Writing when I don’t feel like it. Being nice to rude people. Petting the dog because he deserves it, even when I’m wearing black trousers. Cleaning up the kitchen when I’m exhausted before bed because my husband did it in the a.m. Trying to be reasonable when people on FB are being idiots. This is practice.
It’s not just Buddhist practice. It’s practice for manners. For love, for metta — lovingkindness. Mostly it’s practice like violin or piano or baseball practice: because I’m not good at these things. Especially the whole ‘being nice to rude people’… And FB idiots…. Sigh. Especially in an election year!
I’m not really a very good Buddhist. I don’t meditate much at all — although I try to be quiet and ‘be’ during the day. And writing daily is a kind of meditation for me, as I’ve noted elsewhere. I don’t read the sutras very often. Probably I know more about Christianity than Buddhism, and I’m not a Christian.
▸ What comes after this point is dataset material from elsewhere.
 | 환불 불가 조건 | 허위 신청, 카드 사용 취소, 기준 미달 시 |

I don’t eat vegetarian, other than abstaining from pigs. They’re too smart (they cry — more on that another post), so I don’t eat them. Or monkeys, or octopuses (and yes: that is the proper plural; look it up) although I know we’re not supposed to kill any being. At least I don’t drink (verboten in Buddhism), but that has more to do w/ family alcoholism and my desire to model having fun w/out drugs than Buddhism.
I don’t sit. I don’t go to temple. In fact, if it weren’t for the bodhisattva vow I made, I’d probably be considered just another bleeding heart Unitarian ????. But in fact, I identify as a Buddhist.
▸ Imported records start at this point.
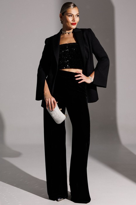 В предпраздничной суете так важно чувствовать себя комфортно, не жертвуя шиком. Наши велюровые брюки созданы именно для этого. Их струящийся силуэт и мягкий, глубокий черный цвет добавляют образу лоска, а тактильное наслаждение от ткани останется с Вами на весь вечер. Брюки с высокой посадкой, с притачным поясом на резинке, без боковых швов, слегка расширенные к низу. Наденьте наш бархатный жакет с велюровыми брюками - и Вы получите ансамбль тотальной гармонии. Дополните образ топом из пайеток - образ получается смелым. Легкая небрежность велюра и безупречная линия костюмного жакета создают тот самый сплав комфорта и стиля. Создайте безупречный новогодний гардероб вокруг наших велюровых брюк.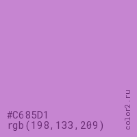 Цвет #C685D1 в цветовой модели RGB обозначается тремя октетами (198, 133, 209) в десятичном формате и #C685D1 в шестнадцатиричном (hex) формате, которые являются интенсивностью красного 198 (hex C6), интенсивность зелёного 133 (hex 85) и интенсивность синего 209 (hex D1).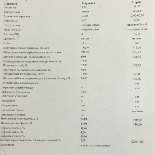 у мужчин по результатам 1 только спермограммы не судят, следует сдать несколько раз... мы 4 раза сдавали и 3 из них с таким же диагнозом как у Вас а одна вполне себе нормальная и я тем не менее забеременнела..... Удачи Вам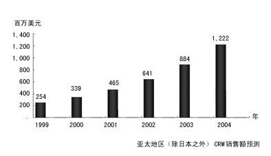 亞太地區(qū)正在成為CRM應(yīng)用軟件的新興市場(chǎng)。1999年亞太地區(qū)CRM市場(chǎng)的年增長(zhǎng)率達(dá)33.5%。其中中國(guó)CRM市場(chǎng)是除日本外最具發(fā)展?jié)摿Φ氖袌?chǎng)。預(yù)計(jì)到2004年,中國(guó)CRM市場(chǎng)的復(fù)合年平均增長(zhǎng)率為60%。

I remember going to Buddhist temple w/ our amah in Saigon — the ropy walls of a temple carved from the heart of a giant banyan tree. It shaped and framed my ideas of religion forever: it shows up in my writing over & over, even in my dreams, sometimes. A curtain of fragrant smoke from sandalwood incense hung before the entrance into the tree temple. Inside, a Buddhist monk — robed as all monks in Việt Nam are, in saffron — chanted the already-musical Việtnamese language. Something deep beneath Oklahoma, beyond Western, leapt up in recognition. This, I remember thinking, those very long years ago, is where God lives. This was the language God spoke, and the way God smelled. This was my home.
I never found the idea of God in any Christian church, I have to say. I’ve felt comfortable — as I did when I first sat in the sky-blue sanctuary of All Souls, my Unitarian home church, and the largest Unitarian church in the world. That’s probably the best Western religious home I’ve found. It’s the home of Emerson, Unitarianism. The academic, the scholar and writer and poet, we all feel at home there. And had I never been to Việt Nam or Thailand, I probably still would have ended up a Unitarian. It’s such an inclusive, open faith. There’s room for all the ‘mes’ — the neo-Pagan, who read Starhawk’s Spiral Dance; the Kabbalist who studied names and numbers and secret texts; the reader of both Testaments, and the Apocrypha, as well. The feminist scholar, the peace poet. The lover of Auden, the decoder of Pound.
Denise Levertov, in a poem I read once (‘A Clearing‘), said that “paradise/ is a kind of poem; it has/ a poem’s characteristics:/ inspiration; starting with the given;/ unexpected harmonies; revelations.” Sometimes I tell people that my religion is poetry. But when I think about it, as I told a friend, poetry is certainly my ‘practice.’ In the Buddhist sense of the word: your practice is your covenant w/ Buddhist doctrine. The Eight-Fold Path, the Four Noble Truths — all of which deal with suffering and desire, the roots of human despair. Your practice is what it is that helps you keep the Truths in mind, as you follow the Path. Sort of…
I know I should sit. I have, in the past. And I will again, I know. Right now, I’m practicing. Practicing how to be in the world. How to breathe when it hurts, not yell when I’m angry. How to walk into the fires that make me, always, a Year of the Dragon warrior, not a Bodhisattva, other than in desire.
A dear friend once told me to honour the dragon, to claim the fire that burns hot and bright, and find a way to use it. Maybe that’s what I need to practice. How to burn clear and true. Not how to sit, per se. But how to turn that flame of righteous anger to good purpose. I guess I need more practice.